According to Hindu religious texts, Janapav Kuti near Mhow is said to be the birthplace of Parashurama, an avatar of Vishnu.

Climate 
Mhow has a pleasant climate more often than not, however the peak summer and winter periods may get extremely hot and cold, respectively. Temperatures may go as high as 43 degrees Celsius during summers and as low as 4 degrees Celsius during winter.

Demographics
 India census, Mhow had a population of 85,023. Males constitute 54% of the population and females 46%. Mhow has an average literacy rate of 72%, higher than the national average of 59.5%; male literacy is 78%, and female literacy is 65%. The Mhow Cantt Cantonment Board has population of 81,702 of which 43,888 are males while 37,814 are females as per report released by Census India 2011.

Population of Children with age of 0-6 is 9308 which is 11.39% of total population of Mhow Cantt (CB).

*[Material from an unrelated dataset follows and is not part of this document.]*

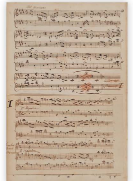
Partition originale du Devin du village, opéra écrit par Rousseau
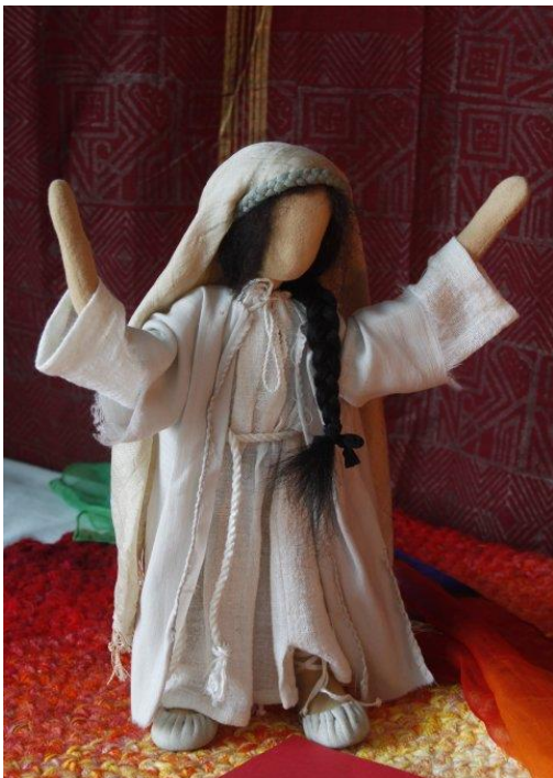
Tisch 1: Magnificat, Maria (Detail)

In Mhow Cantt Cantonment Board, Female Sex Ratio is of 862 against state average of 931. Moreover, Child Sex Ratio in Mhow Cantt is around 908 compared to Madhya Pradesh state average of 918. Literacy rate of Mhow Cantt city is 85.78%; higher than state average of 69.32%. In Mhow Cantt, Male literacy is around 90.42% while female literacy rate is 80.37%.

Cantonment 

As early as 1818, the Indian Army has had a presence in Mhow. Up until World War II, Mhow was the headquarters of the 5th Division of the Southern Army. According to local legend, Winston Churchill also spent a few months in Mhow when he was a subaltern serving with his regiment in India. The house on the mall where he is supposed to have lived, gradually crumbled due to neglect and age. It was pulled down and a jogger's park has been built on its grounds by the Infantry School.

Mhow houses three premier training institutions of the Indian Army; The Infantry School, The Military College of Telecommunication Engineering (MCTE) and The Army War College.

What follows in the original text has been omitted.